You may remember last year (or the year
before) Mike Harding offered me three skateboarders, to which I said a hasty
"Yes!", well he had some
more this year, and there was one in Trevor's bag, so three of them for a
start!
I'm hoping the pop-bandsmen are a different
brown to the ones I already have, and while the drum-kit is missing a
side-drum, it's otherwise complete and will be wholly-so when added to the
rest.
The shrub is brittle and missing its
'top-knot' so future photo-background scenery only! But I noticed that the
stuff Musgrave issued as Gem, with
the base mark (shrub, cowboy and horse guard), are chalkier plastic than the
ones Culpitt's had produced for them by
a third party (from un-base-marked moulds supplied by George) which are much
glossier.
The Santa in the bottom right-hand corner
is Festival which are 'Musgrave' of
some kind, while the upper-right pair with a set of skis (which fit both) are
later HK sourced stuff of/from Culpitt's,
probably also carried - in the 'States' - by Wilton. Skiing Bear . . . bear on skis - priceless!
The tennis players however - are driving me
mad! There must be a trader at PW who got a job lot of these years ago, and
over the years I've bought most of them from him, because; not being the
brightest button in the box, every time I see them, I think "Are these the ones I need?", and
buy a pair, but every time I get a sunburnt boy with painted base and a
flesh-coloured girl with plain base, I need the opposite!
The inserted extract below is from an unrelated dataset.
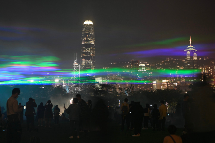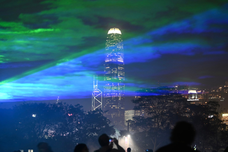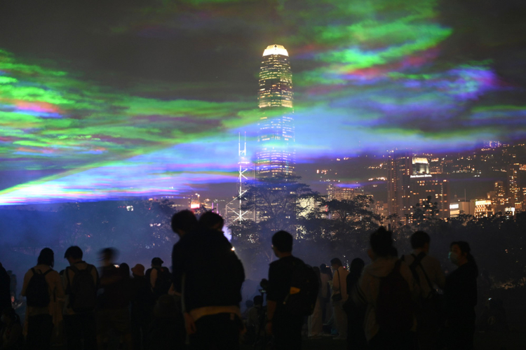 香港西九文化区上空上演迷人“极光”

Literally - I have
three pairs here and another one or two in storage! Big Fat Doh!
I picked-up several more Gem/Culpitt items two weeks later at
last weekend's Sandown Park toy fair; boxer's in European and Negro finish, another
cricketer, nursery figures, more skis!
The other trend which revealed itself in
the sorting stage was Blue Box, it's
an annual thing - in part because I do look out for them, in part because they
were successful, so the stuff is pretty common, and they had quite a wide
range, branded to themselves.
This is both Blue Box and Blue Box-like,
I'm not happy with the wheels on the hay-cart (I think they may have been taken
from a Tudor Rose type beach-toy
truck?), but I have a near mint one with card insert (which we've looked athere), so it can stay as a curiosity for now, while the blow-moulded hay-rick
is very different in style and colour from the ones I already have.
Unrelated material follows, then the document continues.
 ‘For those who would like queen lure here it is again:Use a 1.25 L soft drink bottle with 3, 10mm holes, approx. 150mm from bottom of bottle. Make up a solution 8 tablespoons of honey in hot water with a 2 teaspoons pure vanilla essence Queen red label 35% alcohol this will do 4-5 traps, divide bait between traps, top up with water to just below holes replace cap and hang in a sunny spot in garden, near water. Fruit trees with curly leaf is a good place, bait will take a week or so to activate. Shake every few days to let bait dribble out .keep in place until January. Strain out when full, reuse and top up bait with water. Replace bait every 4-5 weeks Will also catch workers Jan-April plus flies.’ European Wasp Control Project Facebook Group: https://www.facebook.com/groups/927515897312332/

The Noah family probably are Blue Box, but there are many Noah sets
and at least five or six generations of figures associated with them, they were
popular with both Bible or religious book shops, and mail-order 'openers' in
Sunday supplements and cheap weeklies through the 1970-80's, so for now they are Blue Box-like in the sorting, especially are they are all poor
copies of the sublime Marx Miniature
Masterpiece original!
The tailless 30mm horse has already gone to
recycling, but his base stayed!
1 comment:
Love that skiing Polar Bear, never seen the like of it before. I've never seen the Noah's family figures either, I'm thinking they would be good for medieval civilians but maybe a bit smaller than 54mm?